If the type of statement you want to execute allows, a single memory table can have both a hash index and a B-tree index, even on the same data column.

Some types of comparisons cannot use indexes. If you perform a comparison operation simply by passing the value to a function (such as strcmp ()), indexing it is of no value. The server must calculate the function value of each data row, which excludes the use of indexes on the data columns.

Use the slow query (slow-query) log to identify poorly performing queries. This log can help you find out which queries benefit from the index. You can view the log directly (it is a text file), or use the Mysqldumpslow tool to count its contents. If a given query appears in the slow query log multiple times, this is a clue that a query might not be optimized for writing. You can rewrite it to make it run faster. Keep in mind that when evaluating a "slow query" log, "slow" is measured against actual time, and more queries appear in the "Slow query" log on larger servers.

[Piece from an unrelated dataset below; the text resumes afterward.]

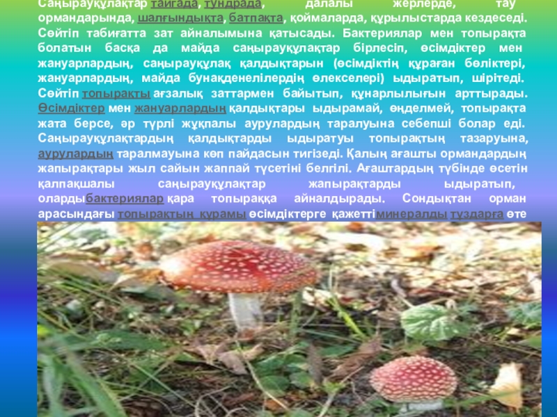 Слайд 4Саңырауқұлақтар тайгада, тундрада, далалы жерлерде, тау ормандарында, шалғындықта, батпақта, қоймаларда, құрылыстарда кездеседі. Сөйтіп табиғатта зат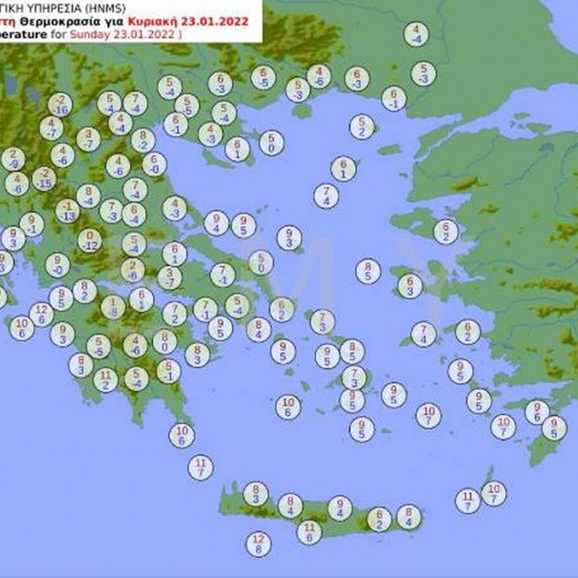 Θερμοκρασία: Από -4 έως 3 βαθμούς Κελσίου. Στη δυτική Μακεδονία 4 με 5 βαθμούς χαμηλότερη.

*4. Several principles for index building *

4.1. The leftmost prefix matching principle, very important principle, MySQL will always match to the right until the range query (>, <, between, like) to stop the match, such as a = 1 and B = 2 and C > 3 and D = 4 if established (a,b,c , d) sequential index, D is not indexed, if the index is established (A,B,D,C) can be used, the a,b,d order can be arbitrarily adjusted.

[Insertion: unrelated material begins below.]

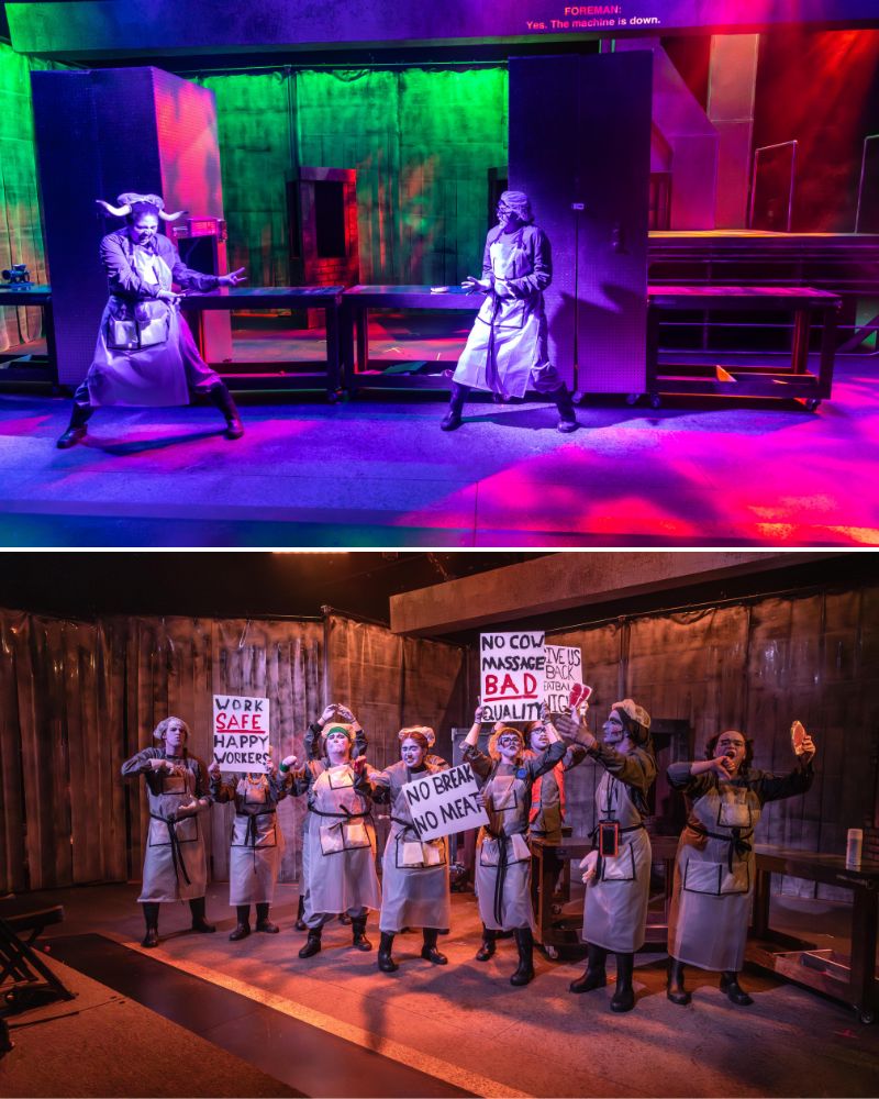 Ethan Sinott’s industrial, metallic gray set, with vertical vinyl panels that keep the cold of the refrigeration confined without impeding movement through the spaces, evokes the no-nonsense desolation of a workspace devoted to making a profit from the blood of animals. (No judgment here. I mean, at Meat Expectations, the cows do get a massage beforehand, and they leave this veil of tears in a state of contentment.) But there is nothing frivolous about this space of panels and metal with no color or design to distract from the chopping and packaging of cow’s flesh. As the CFO is allowed to implement increasingly inhumane innovations, the music rumbles and grinds to announce the entry of the biggest, fastest flesh-chewing machine ever. At one point, the machine eats a portion of the arm of one of the dedicated and exhausted workers.

4.2.= and in can be ordered, such as a = 1 and B = 2 and C = 3 established (A,B,C) index can be in any order, the MySQL query optimizer will help you to optimize the form that the index can recognize

4.3. As far as possible to choose a high degree of distinction between the column as an index, the formula for the degree of discrimination is count (distinct col)/count (*), indicating the proportion of the field does not repeat, the greater the proportion of the number of records we scan, the unique key is 1, and some states The gender field may be in front of the Big data distinction is 0, that may be asked, what is the empirical value of this ratio? Using the scene is different, this value is also difficult to determine, the general need to join the field we are required to be more than 0.1, that is, the average 1 scan 10 records

4.4. Index columns can not participate in the calculation, keep the column "clean", such as from_unixtime (create_time) = ' 2014-05-29 ' can not be used to the index, the reason is very simple, B + trees are stored in the data table in the field values, but when retrieving, You need to apply all the elements to the function to be able to compare, obviously cost too much. So the statement should be written as Create_time = Unix_timestamp (' 2014-05-29 ');

4.5. Try to expand the index, do not create a new index. For example, the table already has the index of a, now want to add (a,b) index, then only need to modify the original index.

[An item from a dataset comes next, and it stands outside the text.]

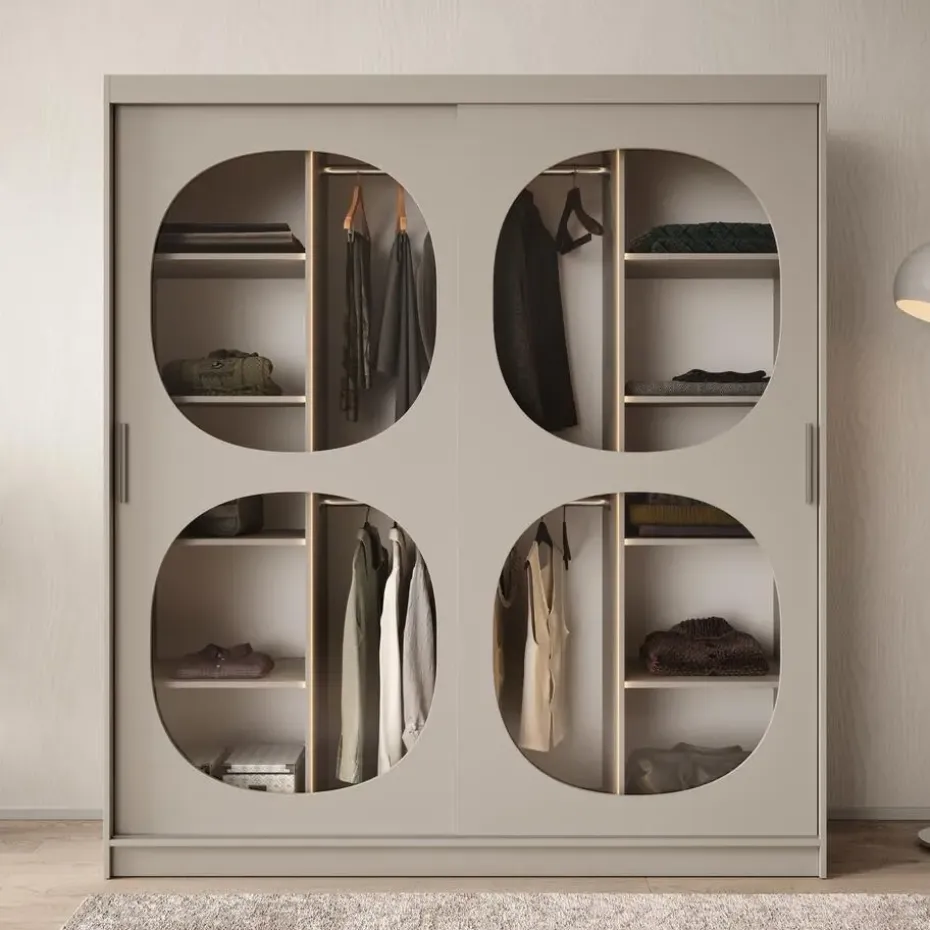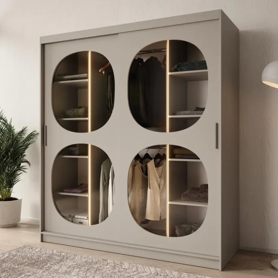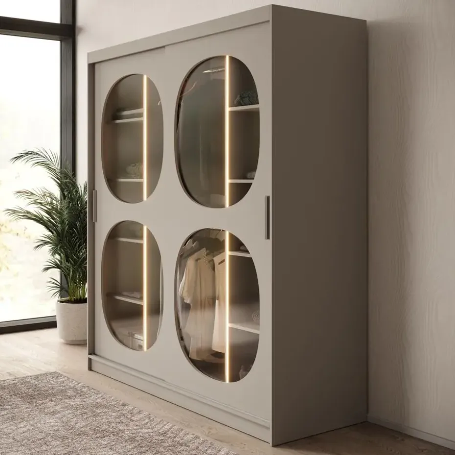 Kledingkast Bravanti beschikt over 2 schuifdeuren die openen met zilverkleurige handgrepen. Deze deuren zijn voorzien van rookglas in ronde vorm. De binnenkant bestaat uit 2 kledingroedes en 10 opbergvakken. Wordt geleverd inclusief LED-verlichting. Het meubel wordt ongemonteerd geleverd. Je dient het dus met behulp van de bijgeleverde handleiding zelf in elkaar te zetten.

The above is a small set to introduce the MySQL use index to achieve query optimization, I hope to help everyone, if you have any questions please give me a message, small series will promptly reply to everyone. Here also thank you very much for the cloud Habitat Community website support!

Contact Us

The content source of this page is from Internet, which doesn't represent Alibaba Cloud's opinion; products and services mentioned on that page don't have any relationship with Alibaba Cloud. If the content of the page makes you feel confusing, please write us an email, we will handle the problem within 5 days after receiving your email.

If you find any instances of plagiarism from the community, please send an email to: info-contact@alibabacloud.com and provide relevant evidence. A staff member will contact you within 5 working days.

A Free Trial That Lets You Build Big!

Start building with 50+ products and up to 12 months usage for Elastic Compute Service

  • Sales Support

    1 on 1 presale consultation

  • After-Sales Support

    24/7 Technical Support 6 Free Tickets per Quarter Faster Response

  • Alibaba Cloud offers highly flexible support services tailored to meet your exact needs.